In every pedal I've built I've handwritten on the inside of the bottom case (lid?) the date the pedal was finalized, what I've named it, or what it's a clone of, and marked it with my faux brand Firebeard FX. I plan to get little boxes for each one and include a small printout explaining what the controls do and what it's based on. I've never painted any of my pedals, though I've wanted to. I'm perfectly fine with them as they currently are, which is functional and complete. That, to me, is when a guitar pedal build is finalized.

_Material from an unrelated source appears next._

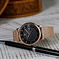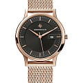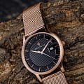 Мужские английские часы с минеральным стекломМинеральное стеклоМинеральное стекло представляет собой искусственно выращенный минерал кварца. Такое стекло отличается особой устойчивостью к повреждениям и царапинам. Уступает по некоторым качествам сапфировому стеклу. Greenwich Breeze GW 031.40.31, кварцевый механизм с высокой точностью. Класс водозащиты: 50 метров, позволит защитить корпус от случайных брызг или капель дождя. Корпус часов изготовлен из стали с IP-покрытиемIP-покрытиеМетод ионного напыления. Демонстрирует повышенную устойчивость к истиранию, окислению и химическим веществам. Под воздействием высокого давления и температуры около 1500°C молекулы металла надёжно соединяются с частицами корпуса часов. цвета розовое золото. Браслет с раскладной застёжкойРаскладная застёжкаТакой тип застёжки используется только на браслетах из металла. Она никогда не раскрывается полностью, происходит разделение на 2 и более частей. Раскладывающая застёжка снизит вероятность потери часов к минимуму..

My thought is that someday I will cease to exist on this planet and only my former belongings and social media will remain. Someday someone might happen upon one of my creations and perhaps fall in love with it, making it a key part of their tone. Hopefully due to curiosity more so than needing to repair it, they will open the pedal and find my handwritten description of the pedal and the date it was built. They might take it a step further and research who Firebeard FX was and be directed to my social media, perhaps sending them on a grand adventure in understanding more about the pedal's creator and the process and care that went into creating it. As I'm writing this I have built thirty pedals in total and I honestly don't want to stop, I just need more reasons to build more pedals beyond sustaining a hobby I thoroughly enjoy (all except that damn wiring!). I would like to build a guitar amp, but that's almost entirely wiring. Ugh!

If you're thinking about getting into the hobby, or already are, and this has helped you, thank you for reading. It really is a fun, fulfilling hobby and I'm glad I took that first step in building my first Bazz Fuss. Trust me, it does get easier the more you build. Also, try to learn as much as you possibly can about what part does what and why when you build a circuit. Who knows, maybe someday we'll start a real pedal company once we understand enough about pedal circuits and how to build our own. It would be nice, no?